Your 255s are ~27 tall, so ~85" roll-out. For your combo;I would consider 4.10s, because;
The effective starter gear will be; 4.10x2.45x24/27=8.92, but the TC will kick in another ~5%, so,9.38. But the instantaneous ratio at zero mph could be as high as 15:1.. You will need a SureGrip
IIRC, The 5.2 power-peak is about 4700rpm, and you can stretch that, in first maybe to 5000, so;
At 30 mph,and at kickdown, the Rs will jump to ~3900 in first gear which will climb to 4800@37mph. Then at the shift the Rs will drop to ~2800 in second; so that's a bit of a hole to climb up out of.But second gear will get you 60@4650 at the top;very close to perfect . I suppose you could use 4.30s for max effort, but that will hurt the KD at 30mph.
And 4.10s will cruise 65=~2300 in loc-up.
If the take-off is too weak FOR YOU, at 9.38 effective TM, with EFI, and the factory TC, and a SureGrip; then a higher stall TC is next.
If you swap to a carb,you will lose a ton of low-rpm torque; Hughes Engines shows a loss of~50 ftlbs@2700 on a 5.9,when giving up that EFI BeerKeg intake. So on a 5.2 figure on a 40/45ftlb...... That is probably more than 10% loss..... So;budget a higher stall TC for sure; a 2800 will more than cover it..

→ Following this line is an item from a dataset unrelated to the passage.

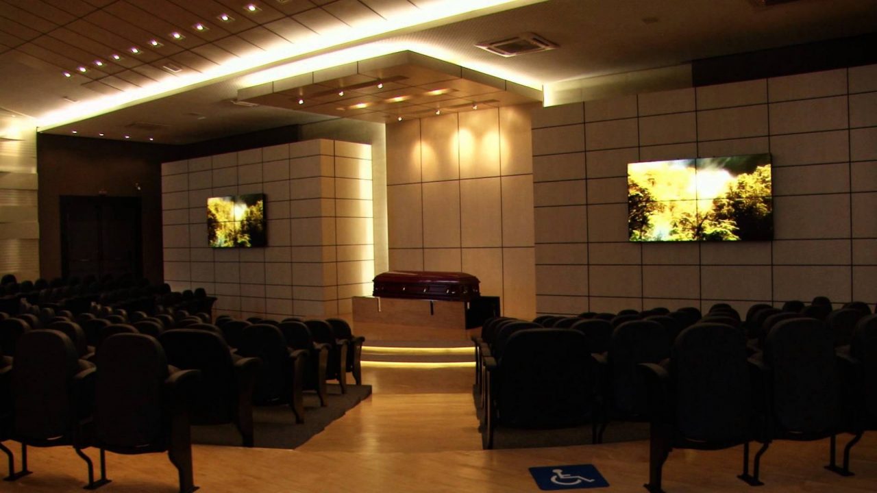 Após o velório, o caixão é levado para o auditório do crematório. Lá ele é disposto sobre uma mesa elevatória. No ambiente há dois telões onde podem ser expostas fotos e vídeos do falecido.

Of course with a 2800TC, you wouldn't need the 4.10s anymore.............. But I still like them because it's the right gear to hit 60 mph with. And the 2800 will lay a lickin' on the tires, off the line; of that, I am sure. (Even with 3.55s the tires would scream.). And you have both a loc-up and an overdrive so it's no biggie to drive 4.10s.
_______________
FWI
I had a 92 LWB extended cab Dak up to about 5 years ago. 5.2EFI/A518/4X4/ 235/75-15s on it and a 3.91 SureGrip. Great truck! Not a tire fryer, but a good amount of tirespin for sure; even with close to 300,000 miles on the clock. I miss it every now and then.That BeerKeg-intake really works.
 
Last edited:
Thanks for the replies... AJ do i think 4.56 gears would b to much? Also if I stay with the fuel injection do u think I would see any gains with the Hughes f.i. air gap set up? Would it be worth it or just keep the the stock kegger? I think it would be worth it 2 drop the 5.9 in there? Pretty much a direct swap and I can keep the f.i. etc... Would also put a converter in there with the motor swap. Thanks again
 
But for the price of the f.i air gap, I could get a converter. So think I will just maybe run that beer keg for now.
 
IMO, AJ nailed that to the wall.
The Hughesengines FI-AG is a real nice I take but the gains you get from it in what you have are marginal at best really. I’m sure a dyno will show a magazine eye popping rise in power ( sarcasm! ) but your not going to really reap the Potential benefits until you start swapping out cams.
Your basically leaving 2500 upstairs rpm on the table.

The TQ converter will hand out the best bang for the buck and have a instant gratification feel to it. If you intend to swap out a cam later, while talking to the converter people, let them know what cam you intended to use.